BEGIN RECORDED DATA
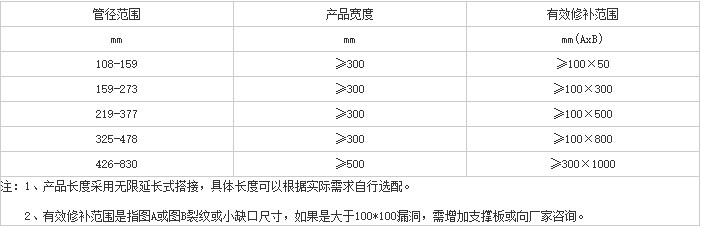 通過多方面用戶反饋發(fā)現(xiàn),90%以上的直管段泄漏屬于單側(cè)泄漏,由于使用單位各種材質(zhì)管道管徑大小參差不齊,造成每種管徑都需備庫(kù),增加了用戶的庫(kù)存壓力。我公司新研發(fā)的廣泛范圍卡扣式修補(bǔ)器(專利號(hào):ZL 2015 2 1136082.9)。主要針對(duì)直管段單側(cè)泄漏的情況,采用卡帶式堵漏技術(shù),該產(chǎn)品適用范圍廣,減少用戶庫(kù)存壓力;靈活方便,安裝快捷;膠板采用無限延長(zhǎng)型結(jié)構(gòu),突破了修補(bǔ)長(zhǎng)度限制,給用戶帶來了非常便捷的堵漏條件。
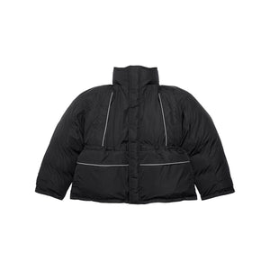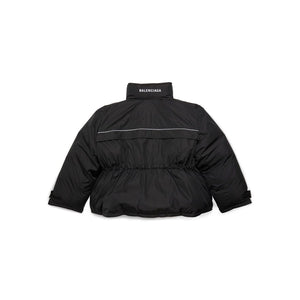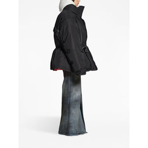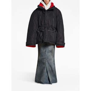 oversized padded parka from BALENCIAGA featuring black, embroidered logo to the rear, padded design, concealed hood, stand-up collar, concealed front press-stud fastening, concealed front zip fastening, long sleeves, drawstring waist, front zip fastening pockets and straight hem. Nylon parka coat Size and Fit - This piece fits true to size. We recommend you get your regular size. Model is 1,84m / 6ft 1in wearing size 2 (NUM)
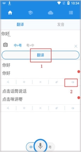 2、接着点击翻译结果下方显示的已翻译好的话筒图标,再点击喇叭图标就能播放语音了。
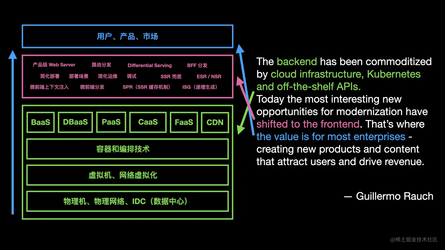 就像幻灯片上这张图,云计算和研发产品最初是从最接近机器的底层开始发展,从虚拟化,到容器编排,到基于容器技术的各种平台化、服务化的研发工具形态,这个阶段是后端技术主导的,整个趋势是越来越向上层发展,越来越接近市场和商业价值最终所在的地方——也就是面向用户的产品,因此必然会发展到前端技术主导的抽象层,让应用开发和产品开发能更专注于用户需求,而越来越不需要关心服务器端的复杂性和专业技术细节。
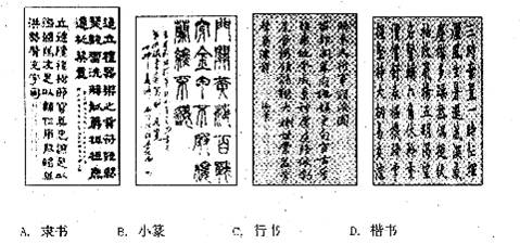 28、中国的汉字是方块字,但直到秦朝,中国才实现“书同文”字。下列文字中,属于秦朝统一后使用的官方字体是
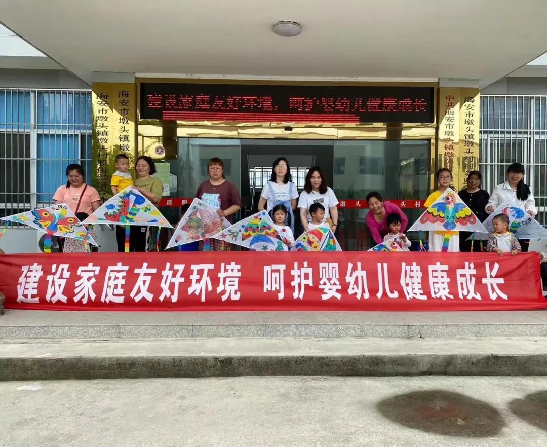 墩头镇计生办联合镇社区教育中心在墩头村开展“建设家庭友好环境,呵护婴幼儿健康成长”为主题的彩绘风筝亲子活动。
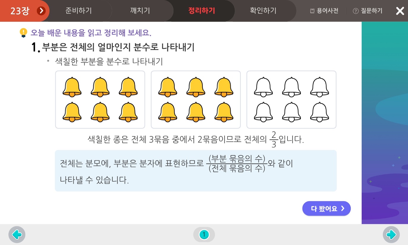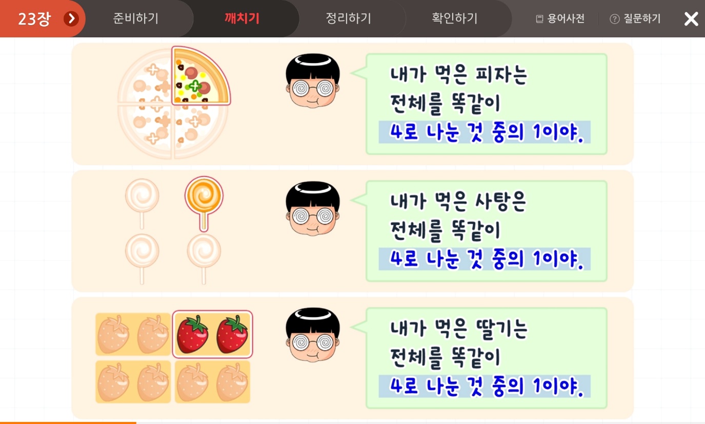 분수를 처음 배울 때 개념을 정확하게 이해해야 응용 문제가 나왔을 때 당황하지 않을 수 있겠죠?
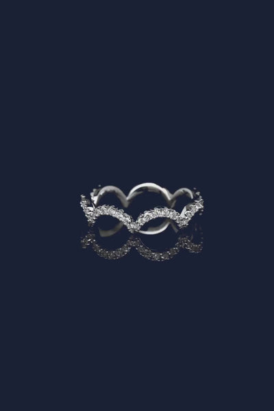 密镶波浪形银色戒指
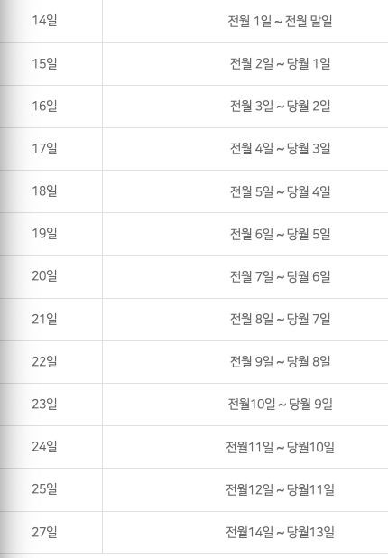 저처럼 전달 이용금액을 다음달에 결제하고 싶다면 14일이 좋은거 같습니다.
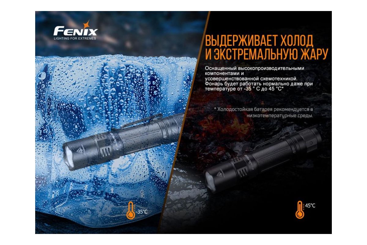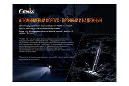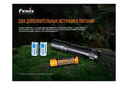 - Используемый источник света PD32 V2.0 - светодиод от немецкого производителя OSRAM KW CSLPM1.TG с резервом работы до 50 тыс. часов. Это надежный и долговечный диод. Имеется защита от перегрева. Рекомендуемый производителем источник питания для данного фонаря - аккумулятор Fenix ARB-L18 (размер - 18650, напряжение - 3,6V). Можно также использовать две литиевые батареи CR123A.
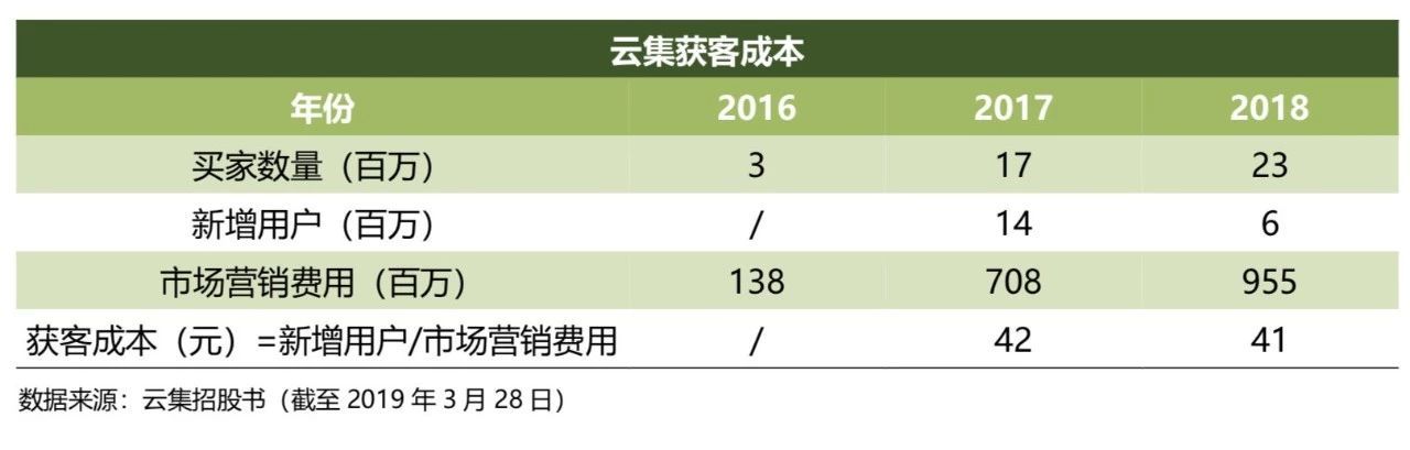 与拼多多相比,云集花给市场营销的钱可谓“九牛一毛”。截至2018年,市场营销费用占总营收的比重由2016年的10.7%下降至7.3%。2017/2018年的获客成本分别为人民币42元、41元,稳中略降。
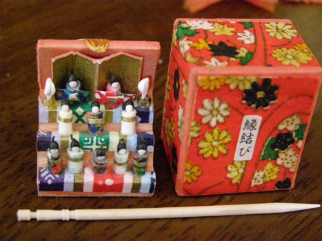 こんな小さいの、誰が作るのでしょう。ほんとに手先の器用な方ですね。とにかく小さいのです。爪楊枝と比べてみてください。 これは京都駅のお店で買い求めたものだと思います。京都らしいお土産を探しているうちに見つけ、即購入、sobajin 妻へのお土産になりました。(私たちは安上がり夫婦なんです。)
END RECORDED DATA
BEGIN RECORDED DATA
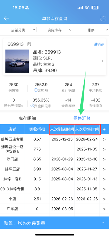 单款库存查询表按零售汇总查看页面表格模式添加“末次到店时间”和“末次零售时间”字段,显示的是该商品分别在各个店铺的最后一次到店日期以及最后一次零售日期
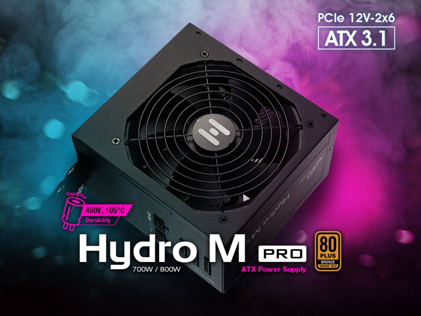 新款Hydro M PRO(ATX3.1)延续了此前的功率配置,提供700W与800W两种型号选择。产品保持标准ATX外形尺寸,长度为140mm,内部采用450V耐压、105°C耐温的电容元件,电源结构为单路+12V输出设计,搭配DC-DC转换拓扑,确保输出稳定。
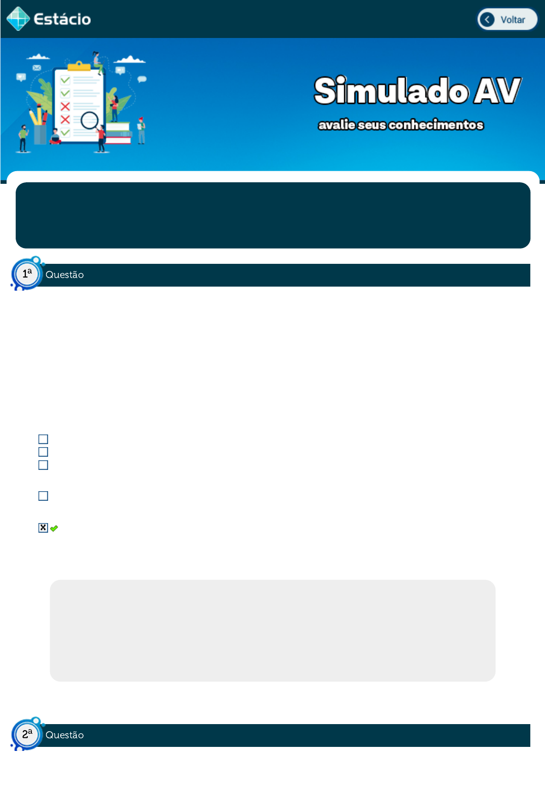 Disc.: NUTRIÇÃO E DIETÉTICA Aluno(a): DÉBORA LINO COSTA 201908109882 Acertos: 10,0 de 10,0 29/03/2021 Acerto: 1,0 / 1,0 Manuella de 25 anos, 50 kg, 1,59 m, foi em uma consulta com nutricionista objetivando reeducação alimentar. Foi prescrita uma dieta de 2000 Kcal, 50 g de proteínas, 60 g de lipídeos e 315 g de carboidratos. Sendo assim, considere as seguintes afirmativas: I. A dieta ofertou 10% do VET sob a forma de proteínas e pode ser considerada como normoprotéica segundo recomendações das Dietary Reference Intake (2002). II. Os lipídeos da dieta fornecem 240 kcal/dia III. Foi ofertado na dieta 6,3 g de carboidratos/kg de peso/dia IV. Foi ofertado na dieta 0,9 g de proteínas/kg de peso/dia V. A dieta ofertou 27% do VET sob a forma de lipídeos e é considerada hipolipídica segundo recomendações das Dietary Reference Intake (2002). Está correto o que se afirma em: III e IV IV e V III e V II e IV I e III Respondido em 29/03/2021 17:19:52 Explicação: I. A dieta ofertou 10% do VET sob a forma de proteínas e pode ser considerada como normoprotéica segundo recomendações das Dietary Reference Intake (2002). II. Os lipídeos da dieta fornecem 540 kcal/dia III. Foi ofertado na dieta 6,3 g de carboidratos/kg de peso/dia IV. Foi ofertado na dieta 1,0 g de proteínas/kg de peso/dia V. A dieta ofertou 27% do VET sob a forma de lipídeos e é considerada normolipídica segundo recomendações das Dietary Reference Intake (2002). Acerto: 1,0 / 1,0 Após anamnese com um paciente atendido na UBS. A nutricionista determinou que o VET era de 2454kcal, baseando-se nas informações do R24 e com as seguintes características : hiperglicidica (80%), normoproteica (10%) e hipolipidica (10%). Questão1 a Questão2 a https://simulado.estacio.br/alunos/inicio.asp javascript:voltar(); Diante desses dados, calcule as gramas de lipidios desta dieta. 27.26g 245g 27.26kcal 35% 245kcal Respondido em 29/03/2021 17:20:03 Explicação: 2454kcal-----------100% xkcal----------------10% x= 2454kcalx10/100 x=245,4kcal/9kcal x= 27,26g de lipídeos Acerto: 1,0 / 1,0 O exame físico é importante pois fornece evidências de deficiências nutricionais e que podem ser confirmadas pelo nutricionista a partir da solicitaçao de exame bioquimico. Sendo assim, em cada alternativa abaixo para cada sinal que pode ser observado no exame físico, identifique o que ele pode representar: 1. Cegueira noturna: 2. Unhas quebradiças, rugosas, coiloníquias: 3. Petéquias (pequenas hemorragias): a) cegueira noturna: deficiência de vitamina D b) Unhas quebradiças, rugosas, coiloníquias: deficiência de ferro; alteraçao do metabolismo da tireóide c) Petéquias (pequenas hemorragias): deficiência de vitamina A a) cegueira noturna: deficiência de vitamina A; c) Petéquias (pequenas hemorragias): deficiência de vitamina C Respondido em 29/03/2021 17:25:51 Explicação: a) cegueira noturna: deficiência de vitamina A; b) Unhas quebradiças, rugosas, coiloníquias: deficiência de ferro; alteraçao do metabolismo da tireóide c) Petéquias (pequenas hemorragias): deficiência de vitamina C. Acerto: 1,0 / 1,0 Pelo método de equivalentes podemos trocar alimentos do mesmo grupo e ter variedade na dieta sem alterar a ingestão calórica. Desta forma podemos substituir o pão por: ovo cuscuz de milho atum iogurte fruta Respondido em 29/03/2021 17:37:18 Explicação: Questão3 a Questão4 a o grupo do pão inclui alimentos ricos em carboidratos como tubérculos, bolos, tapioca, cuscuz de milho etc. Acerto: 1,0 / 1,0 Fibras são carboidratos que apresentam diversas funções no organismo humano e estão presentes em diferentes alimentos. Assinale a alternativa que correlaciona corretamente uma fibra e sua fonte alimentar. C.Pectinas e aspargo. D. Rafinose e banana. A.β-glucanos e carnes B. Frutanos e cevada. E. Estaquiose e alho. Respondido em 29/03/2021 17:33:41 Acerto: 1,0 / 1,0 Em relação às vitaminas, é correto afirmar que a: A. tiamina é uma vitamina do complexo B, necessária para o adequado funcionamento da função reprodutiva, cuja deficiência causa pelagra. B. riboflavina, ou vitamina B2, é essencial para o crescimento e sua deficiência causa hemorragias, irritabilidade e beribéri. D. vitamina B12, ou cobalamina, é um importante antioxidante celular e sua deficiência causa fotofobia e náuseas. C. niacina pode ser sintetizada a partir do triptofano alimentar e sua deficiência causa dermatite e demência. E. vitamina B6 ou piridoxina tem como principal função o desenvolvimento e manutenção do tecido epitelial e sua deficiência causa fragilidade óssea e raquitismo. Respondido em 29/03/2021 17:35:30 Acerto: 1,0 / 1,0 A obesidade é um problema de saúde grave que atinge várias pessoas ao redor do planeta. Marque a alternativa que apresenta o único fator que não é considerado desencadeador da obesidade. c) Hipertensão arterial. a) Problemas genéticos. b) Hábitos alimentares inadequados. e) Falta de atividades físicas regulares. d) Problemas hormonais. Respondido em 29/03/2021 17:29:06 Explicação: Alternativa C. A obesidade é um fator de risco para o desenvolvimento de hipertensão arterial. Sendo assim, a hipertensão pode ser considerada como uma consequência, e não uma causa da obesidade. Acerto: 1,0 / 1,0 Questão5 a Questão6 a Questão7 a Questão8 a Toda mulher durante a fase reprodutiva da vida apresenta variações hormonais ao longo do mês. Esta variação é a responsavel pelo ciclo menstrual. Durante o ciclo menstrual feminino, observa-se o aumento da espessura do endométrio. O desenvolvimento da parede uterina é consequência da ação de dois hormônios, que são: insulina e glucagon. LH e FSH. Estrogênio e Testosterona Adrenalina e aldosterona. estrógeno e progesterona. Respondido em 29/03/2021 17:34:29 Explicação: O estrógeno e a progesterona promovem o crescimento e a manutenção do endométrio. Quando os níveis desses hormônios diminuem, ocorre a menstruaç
END RECORDED DATA
BEGIN RECORDED DATA
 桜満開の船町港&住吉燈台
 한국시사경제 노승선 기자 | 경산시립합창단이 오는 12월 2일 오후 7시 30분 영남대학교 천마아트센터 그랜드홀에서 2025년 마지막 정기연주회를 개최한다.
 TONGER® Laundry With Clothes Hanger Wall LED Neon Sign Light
END RECORDED DATA
TASK REQUIREMENTS: Set down again, exactly, every line above from the one with "28、中国的汉字是方块字,但" down to the one with "저처럼 전달 이용금액을 다음달에 결제하고 싶다면 14일이 좋은거 같습니다.", both ends included. No pictures, and nothing else.

WRITTEN SOLUTION:
 28、中国的汉字是方块字,但直到秦朝,中国才实现“书同文”字。下列文字中,属于秦朝统一后使用的官方字体是
 墩头镇计生办联合镇社区教育中心在墩头村开展“建设家庭友好环境,呵护婴幼儿健康成长”为主题的彩绘风筝亲子活动。
 분수를 처음 배울 때 개념을 정확하게 이해해야 응용 문제가 나왔을 때 당황하지 않을 수 있겠죠?
 密镶波浪形银色戒指
 저처럼 전달 이용금액을 다음달에 결제하고 싶다면 14일이 좋은거 같습니다.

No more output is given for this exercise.